Palestinian officials, and many rights groups and media outlets, have reached the conclusion that Al Jazeera journalist Abu Akleh was killed by the Israeli military.
The United Nations human rights office last month said that information it had gathered showed that the bullet that killed Abu Akleh was fired by Israeli forces. Several witnesses said Israeli forces killed the Jerusalem-born Abu Akleh.
Israeli officials initially said Palestinian fighters could have killed Abu Akleh. However, Israel later backtracked and said it could not rule out the possibility that an Israeli soldier had fired the shot.
The decision to give the bullet to US experts follows a weeks-long impasse over who would conduct the investigation, with Palestinian officials saying a probe involving Israel would not be transparent.
“The Palestinians have been very clear that they do not want Israel involved when it comes to the analysis of the bullet,” Al Jazeera’s Stefanie Dekker reported from West Jerusalem. “They refused to hand it over before; they refused a joint investigation which [Israel] offered very soon after the killing.”
The Palestinian decision to finally hand the bullet over to the US follows a call between US Secretary of State Antony Blinken and Palestinian President Mahmoud Abbas last week, with US officials “keen to have this wrapped up” before US President Joe Biden visits Israel and the occupied West Bank next week, Dekker said.
She added the results from the analysis were expected to be delivered to the Palestinians by the end of the day, although “whether that is going to lead to any accountability and justice, Palestinians certainly remain extremely sceptical”.
Palestinians were quick to condemn Israel’s alleged involvement in the analysis.
Speaking to Al Jazeera, Mustafa Barghouti, the secretary-general of the Palestinian National Initiative, said if the Israeli reports were true, “two huge mistakes have been done”.
“One [is] by the Palestinian Authority in passing the bullet to the American side and trusting [them],” he said. “The second mistake is by the Americans, who promised that the Israelis will not do the forensics themselves, and now they are passing the bullet to the Israelis.”
“In both cases, we will not trust the Israelis. We will not trust them on the investigation of matters that they have been involved in. It is like asking the criminal to investigate himself,” he said. “All we’ve been asking for, the world community has been asking, is for an international independent commission.”
According to ballistic and forensic experts, the green-tipped bullet that killed Abu Akleh was designed to pierce armour and is used in an M4 rifle. The round was extracted from her head.
The bullet was analysed using 3D models and, according to experts, it was 5.56mm calibre – the same used by Israeli forces. The round was designed and manufactured in the US, experts said.
Glenn Carle, a former deputy national intelligence officer for transnational threats at the CIA, said that the results of the investigation could put Biden in an awkward position.

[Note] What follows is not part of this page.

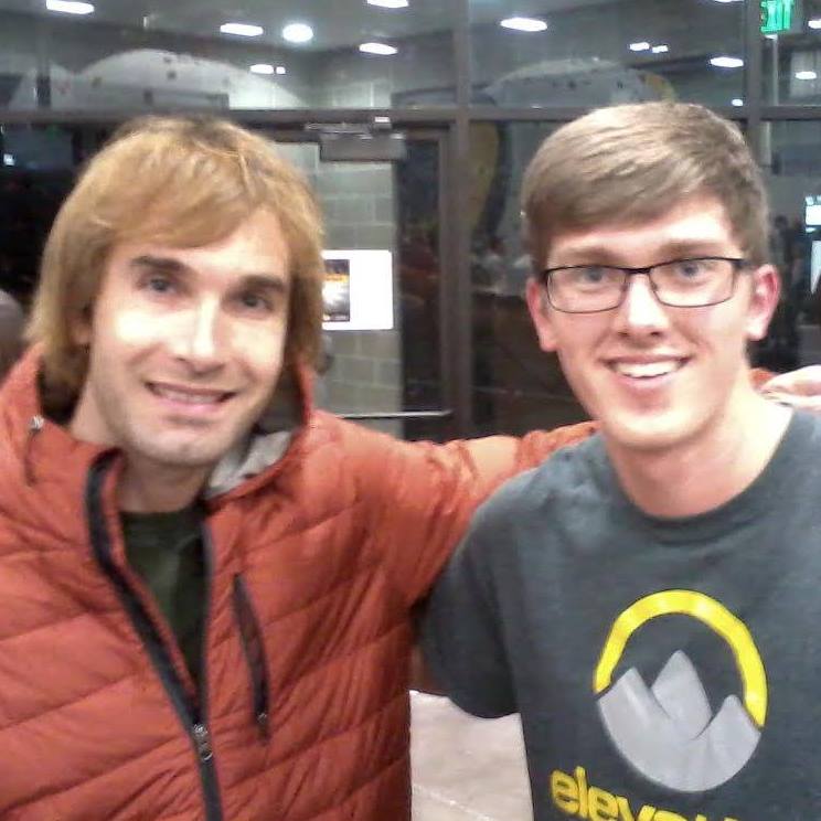 Building this climbing wall with my son John, though intimidating to me at first, turned out to be a most meaningful experience for us both.  We enjoyed working through the design and construction challenges together.  John learned that he can dream and make his dreams come true.  He, his brothers Caleb and Hyrum, and his friends spend hours in my garage bouldering through the various “problems” John has set.  Just one year after completing his climbing wall, John off on a month-long NOLS (National Outdoor Leadership School) course learning real-life leadership and climbing skills.  He dreams of following in the footsteps of climbing heroes Alex Honnold and Chris Sharma.  John is pictured with Chris here.

He said any decision on how the bullet will be tested will “frankly come from the White House” given its political and diplomatic implications.
“An analysis that finds that the bullet came from an Israeli shooter or rifle, could create problems for the Israeli government. Yet, the US is not going to want to hide the facts whatever they turn out to be. So it will be a delicate issue which I would guess American authorities would want to defer until after President Biden’s trip,” he added.
Al Jazeera Media Network announced on May 26 that it had assigned a legal team to refer the killing to the International Criminal Court (ICC) in The Hague. The case was recently handed over to the ICC prosecutor. However, the current status of the investigation remains unclear.
Lawyers working on a case filed with the ICC about the targeting of Palestinian journalists by Israeli forces have also said they will add Abu Akleh’s killing to the case.